EXTRACTED INFORMATION:
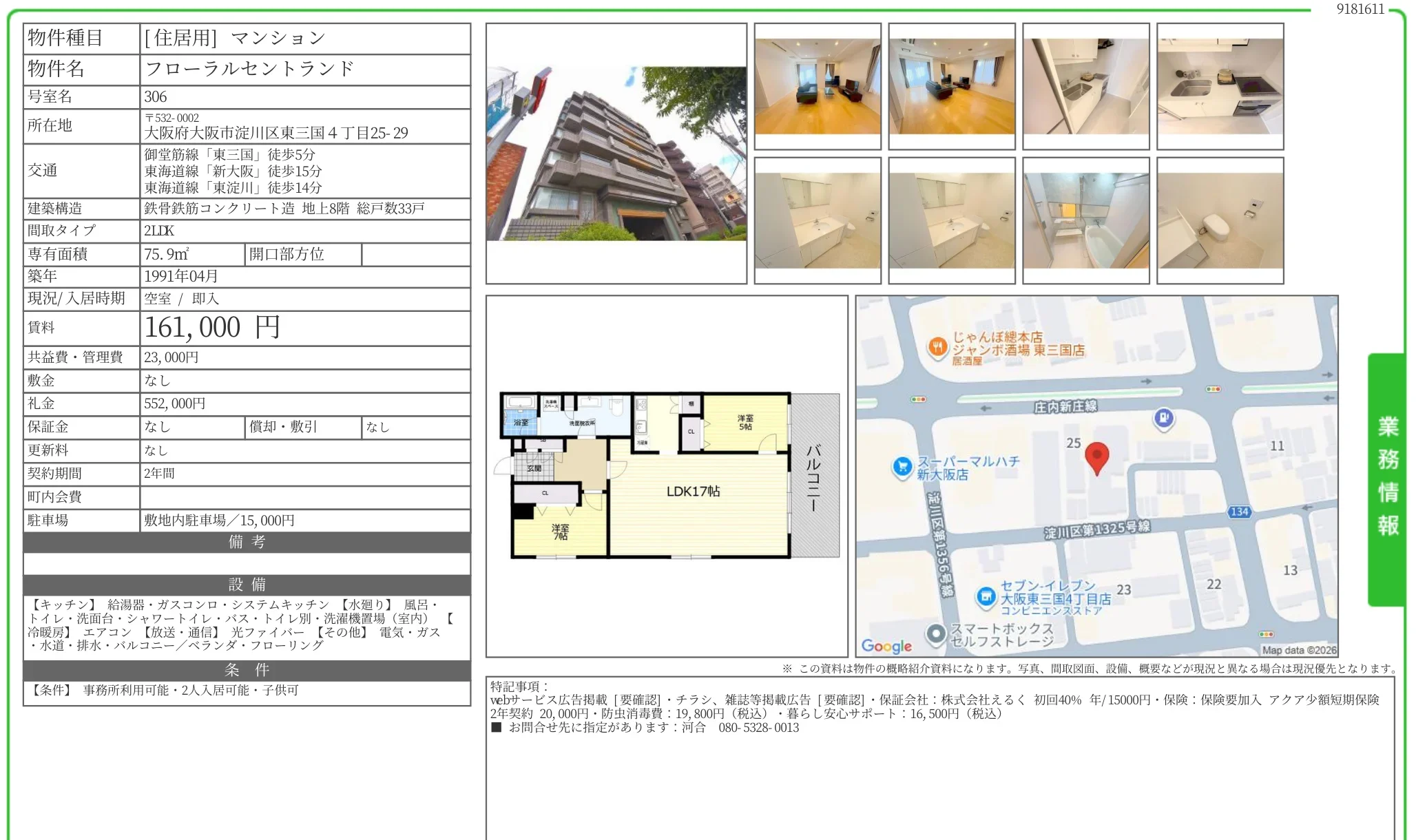 | アクセス | 東三国 (徒歩5分) 新大阪 (徒歩15分) 東淀川 (徒歩14分) |
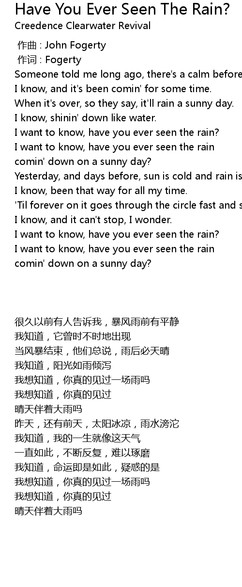 | [00:47.000] | I want to know, have you ever seen the rain? |
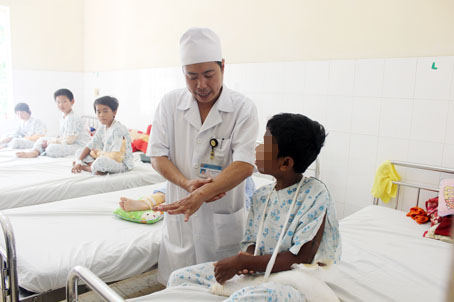 Cũng chiếm số lượng đông đúc tại Khoa Ngoại chấn thương - chỉnh hình, bỏng Bệnh viện nhi đồng Đồng Nai là những ca bỏng do điện, nước sôi… Hầu hết các ca bỏng của trẻ đều do người lớn bất cẩn.
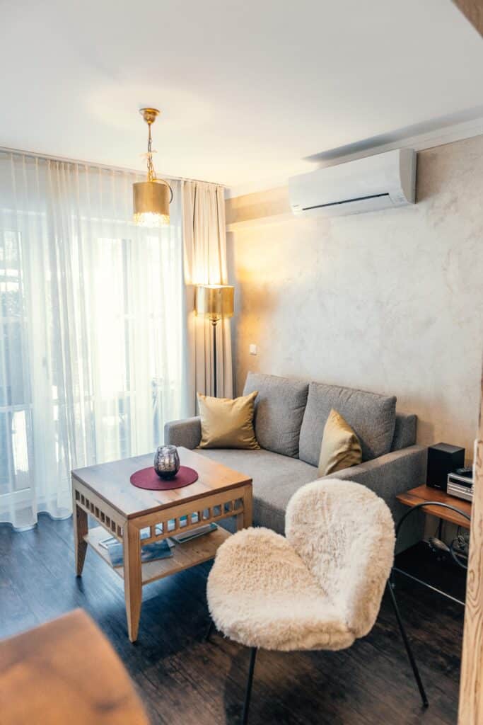 Die Trendsetter mit großer Dusche, Doppelwaschtisch und begehbarem Kleiderschrank. Weitläufige Terrasse mit Burgblick und Nachmittagssonne. Ein kleines Refugium!
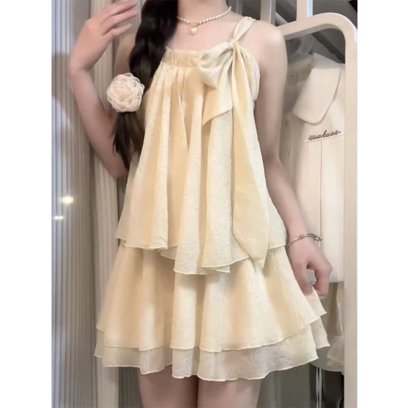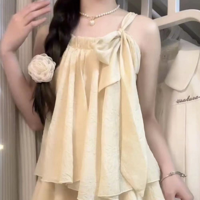 세트 여성 프랑스 원피스 느슨한 최고 문화 봄 및 여름 새로운 세트 슬링 달콤한 부드러운 휴가 원피스
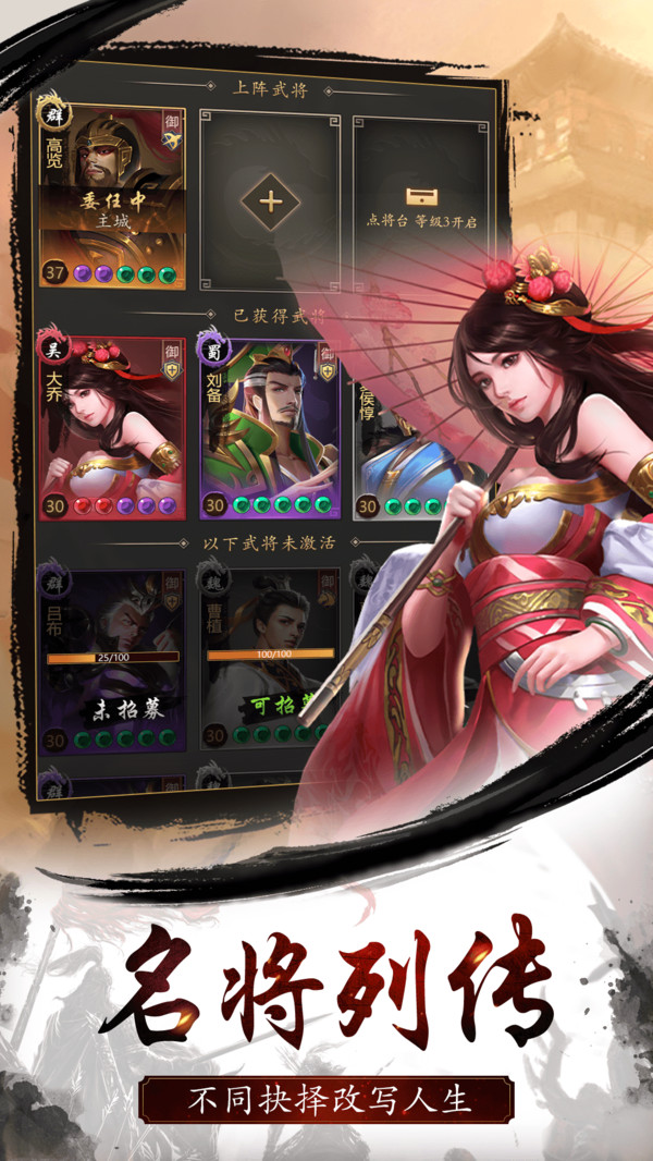 这是一款三国模拟经营+卡牌养成+轻roguelike剧情的游戏。 这里有传统的一统三国的单机主线,主线玩法偏佛系,只需要攻打npc城池而不用担心因主城忘记开罩一觉醒来就被洗劫一空的情况出现。在主线征讨的过程中,也会有丰富的随机事件出现。 除通过武力征伐实现统一外,游戏最重要的玩法则是需要努力经营来发展自己的城池(经济科技等实力),朝堂之内需委任内政文官参与城池建设,宫殿之外则需任命武将为太守保一方安宁。
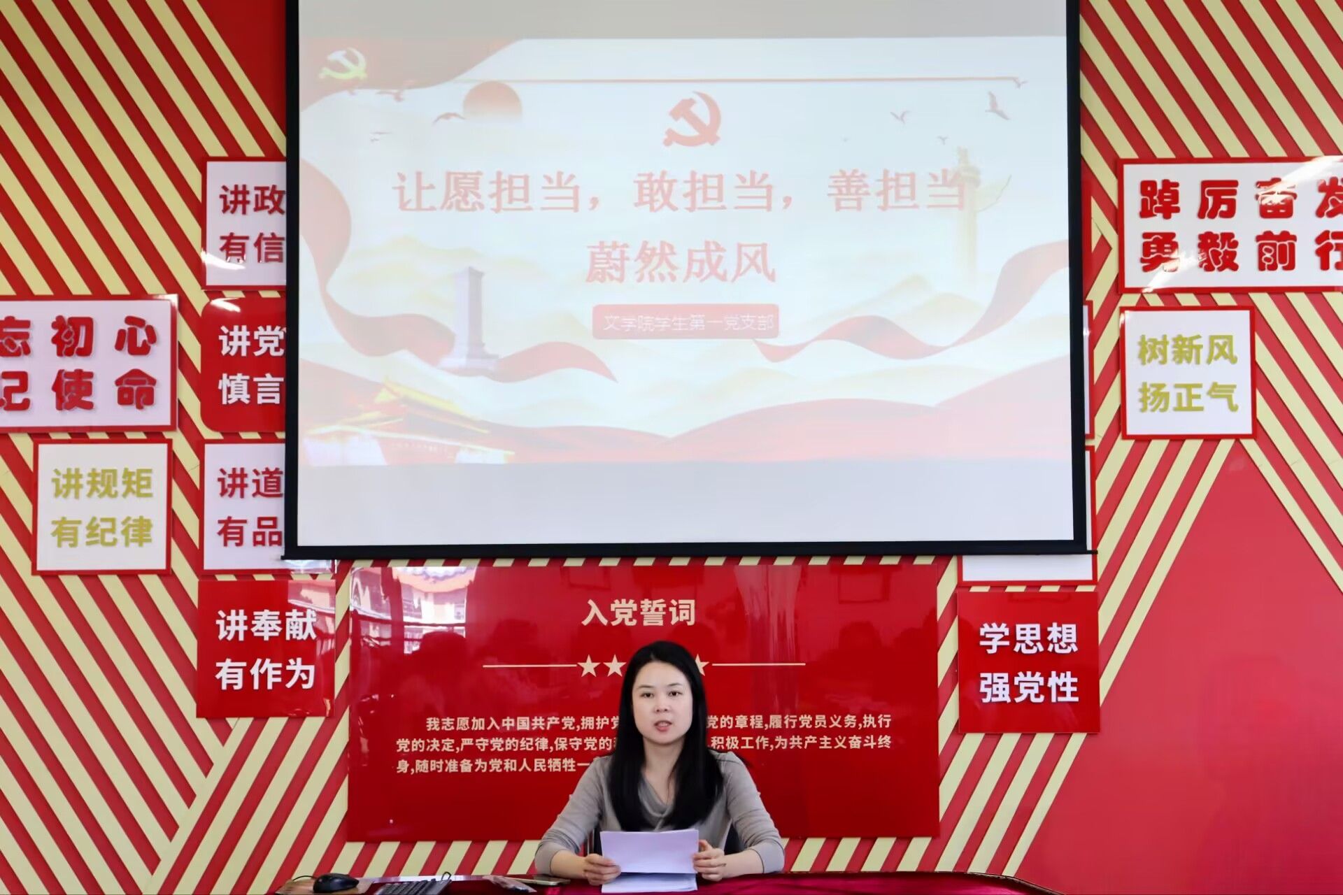 为持续深化党员思想政治教育,筑牢青年党员理想信念根基,引导支部党员坚守为民初心、恪守权力底线、涵养担当精神,4月25日上午10点30分,我院第一党支部四月主题党课在弘文楼506教室顺利开展。本次党课以让愿担当,敢担当,善担当蔚然成风为核心主题。
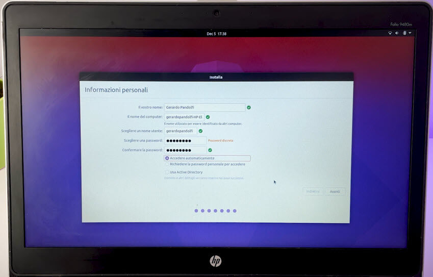 - Informazioni personali: in questo ultimo step dobbiamo inserire i dati che diventeranno il nome visualizzato, il nome utente, computer e password
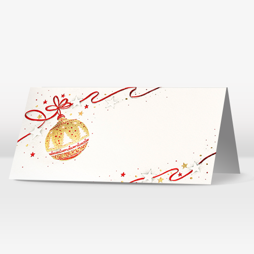 Dobbeltsidet julekort printet på 200gr mat struktureret karton med let prægning, samt rød og guld folie detaljer.
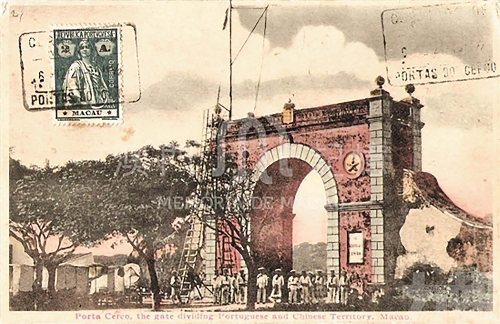 1867年,葡萄牙殖民政府將中式關閘拆除,1871年建成並啟用新的西式關閘(如圖)。(利冠棉藏,澳門歷史教育學會提供,摘自「澳門記憶」文史網)
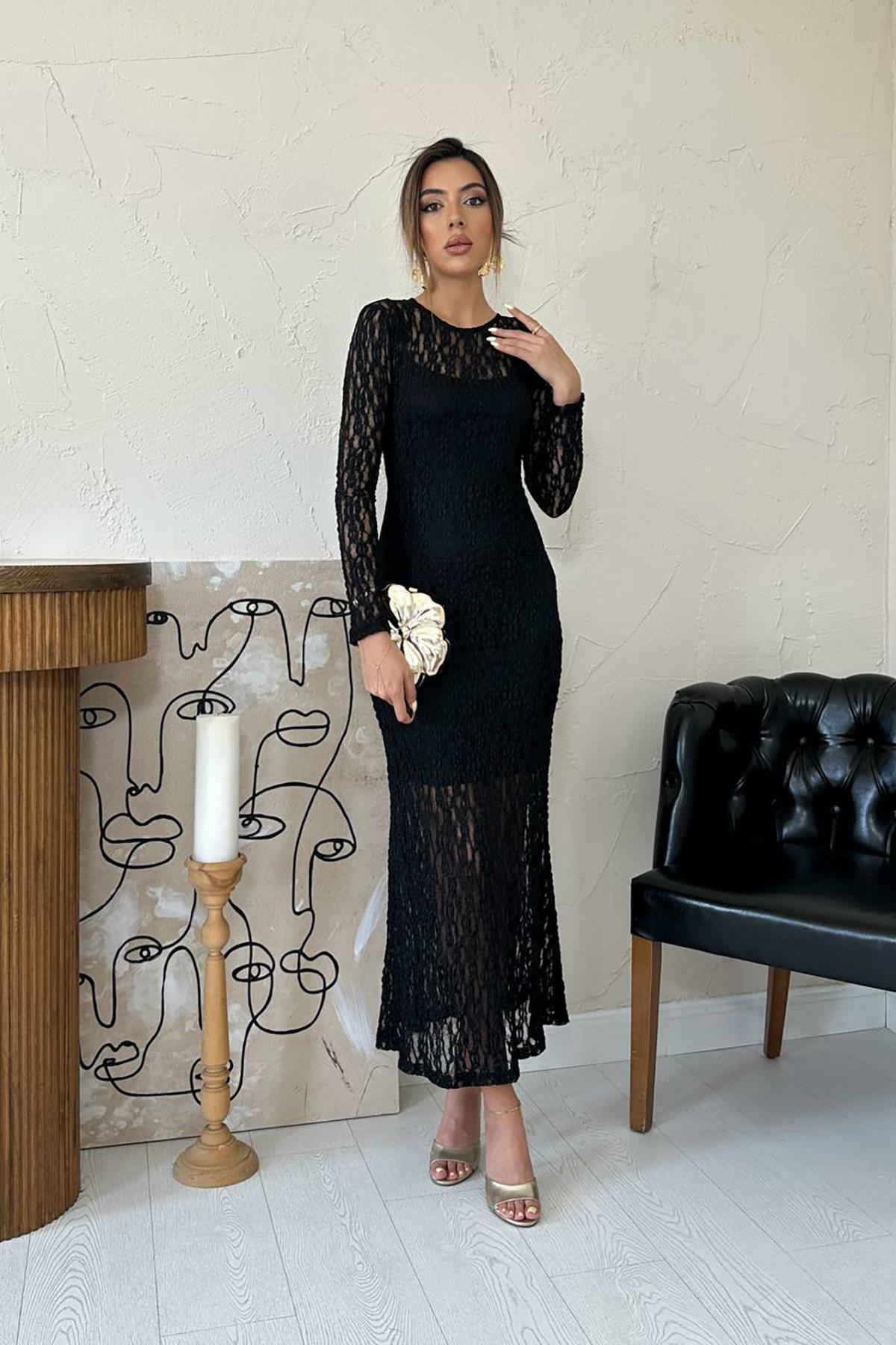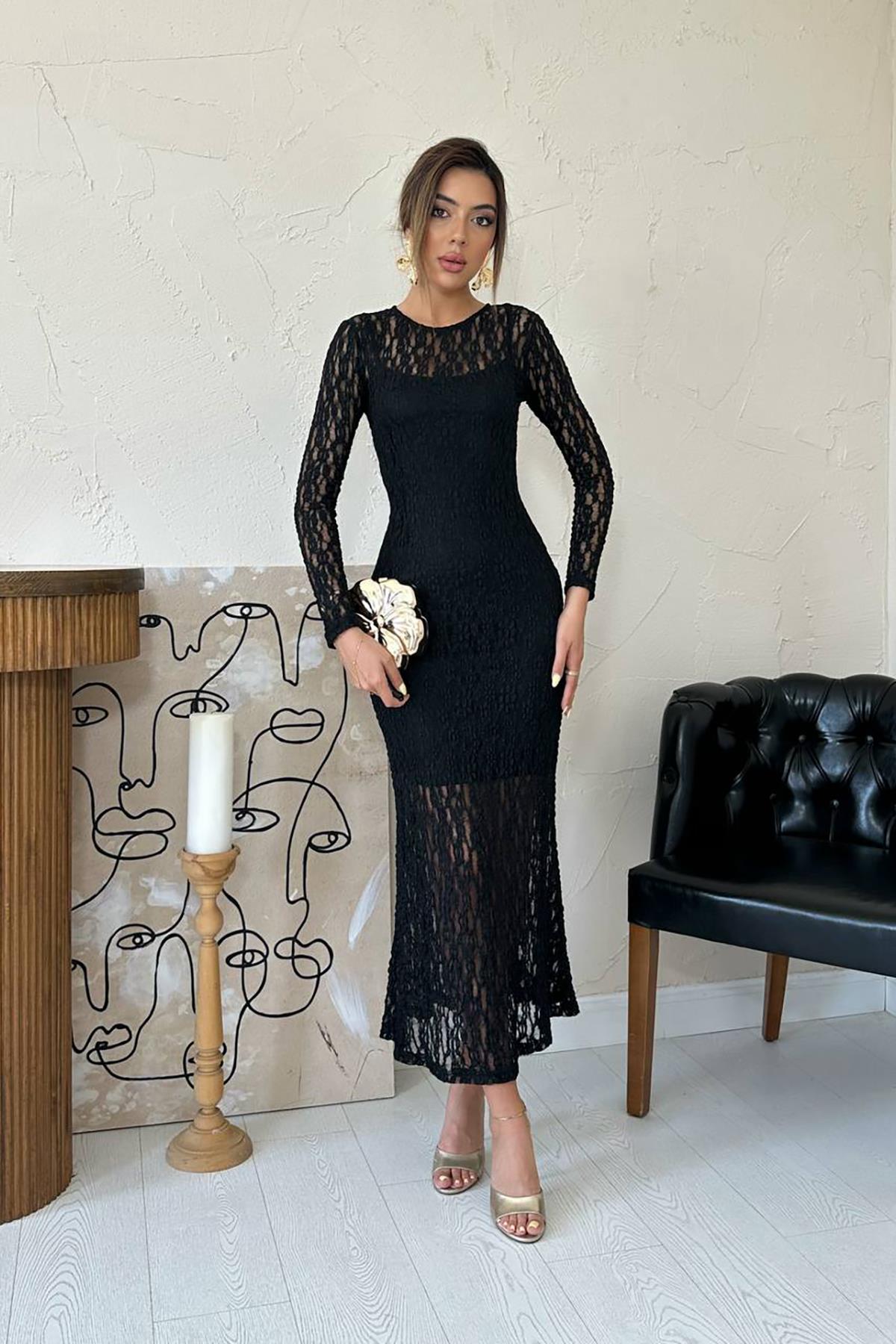 ELS Toptan Siyah Dantelli Uzun Kollu Elbise - San Antonio Enchisi
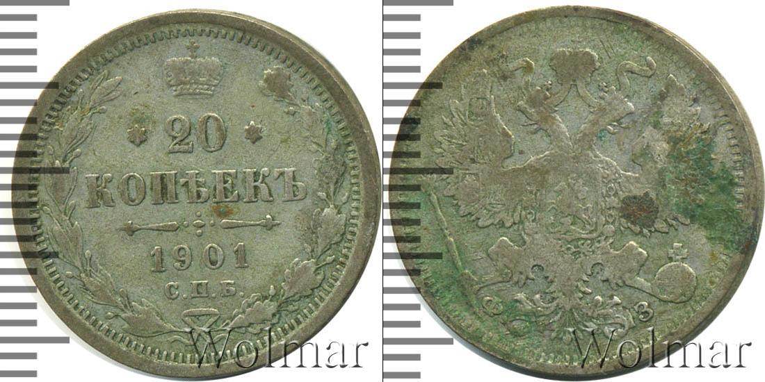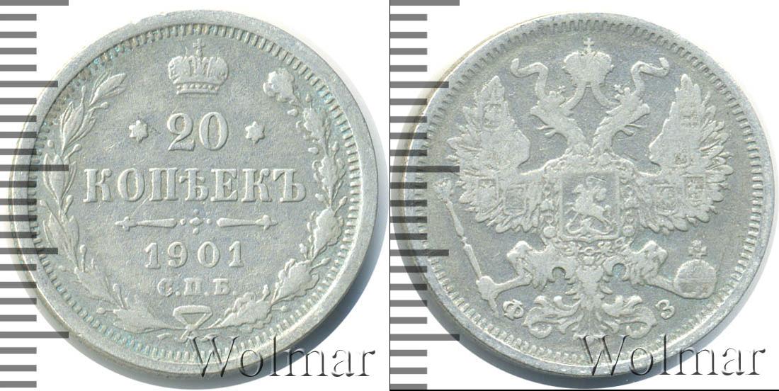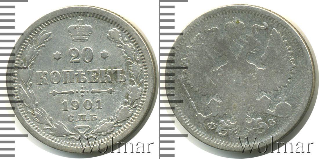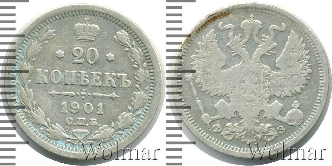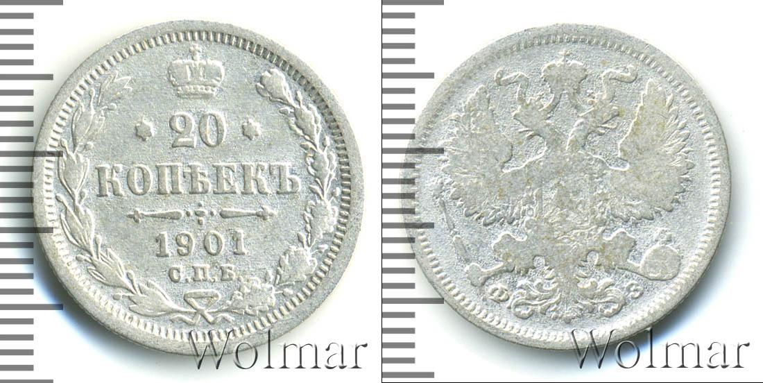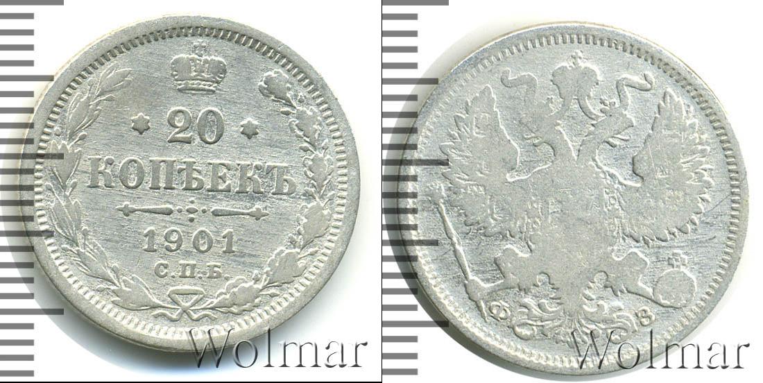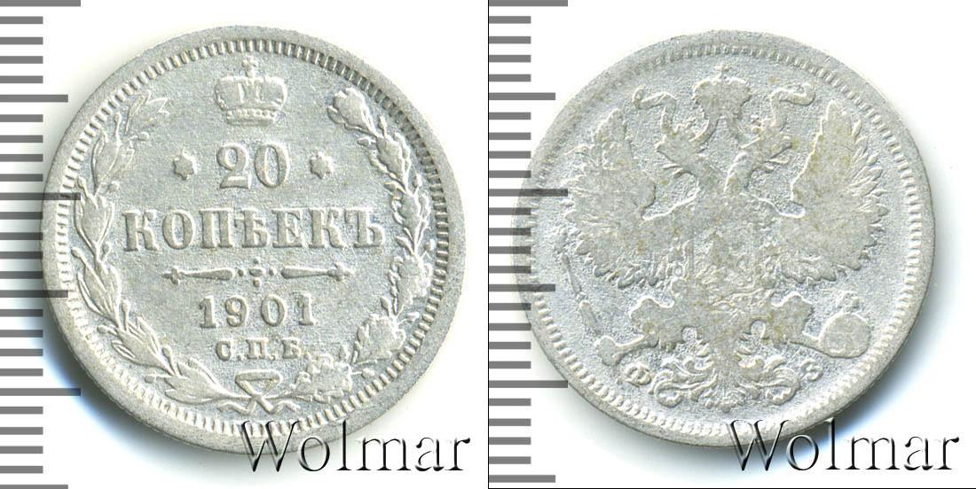 Цена монеты 20 копеек 1901 года в городе Москва на сегодня, 14 марта 2026 года

WHAT IS BEING ASKED: Exclude all images and return the listing word for word.

SOLUTION:
 | アクセス | 東三国 (徒歩5分) 新大阪 (徒歩15分) 東淀川 (徒歩14分) |
 | [00:47.000] | I want to know, have you ever seen the rain? |
 Cũng chiếm số lượng đông đúc tại Khoa Ngoại chấn thương - chỉnh hình, bỏng Bệnh viện nhi đồng Đồng Nai là những ca bỏng do điện, nước sôi… Hầu hết các ca bỏng của trẻ đều do người lớn bất cẩn.
 Die Trendsetter mit großer Dusche, Doppelwaschtisch und begehbarem Kleiderschrank. Weitläufige Terrasse mit Burgblick und Nachmittagssonne. Ein kleines Refugium!
 세트 여성 프랑스 원피스 느슨한 최고 문화 봄 및 여름 새로운 세트 슬링 달콤한 부드러운 휴가 원피스
 这是一款三国模拟经营+卡牌养成+轻roguelike剧情的游戏。 这里有传统的一统三国的单机主线,主线玩法偏佛系,只需要攻打npc城池而不用担心因主城忘记开罩一觉醒来就被洗劫一空的情况出现。在主线征讨的过程中,也会有丰富的随机事件出现。 除通过武力征伐实现统一外,游戏最重要的玩法则是需要努力经营来发展自己的城池(经济科技等实力),朝堂之内需委任内政文官参与城池建设,宫殿之外则需任命武将为太守保一方安宁。
 为持续深化党员思想政治教育,筑牢青年党员理想信念根基,引导支部党员坚守为民初心、恪守权力底线、涵养担当精神,4月25日上午10点30分,我院第一党支部四月主题党课在弘文楼506教室顺利开展。本次党课以让愿担当,敢担当,善担当蔚然成风为核心主题。
 - Informazioni personali: in questo ultimo step dobbiamo inserire i dati che diventeranno il nome visualizzato, il nome utente, computer e password
 Dobbeltsidet julekort printet på 200gr mat struktureret karton med let prægning, samt rød og guld folie detaljer.
 1867年,葡萄牙殖民政府將中式關閘拆除,1871年建成並啟用新的西式關閘(如圖)。(利冠棉藏,澳門歷史教育學會提供,摘自「澳門記憶」文史網)
 ELS Toptan Siyah Dantelli Uzun Kollu Elbise - San Antonio Enchisi
 Цена монеты 20 копеек 1901 года в городе Москва на сегодня, 14 марта 2026 года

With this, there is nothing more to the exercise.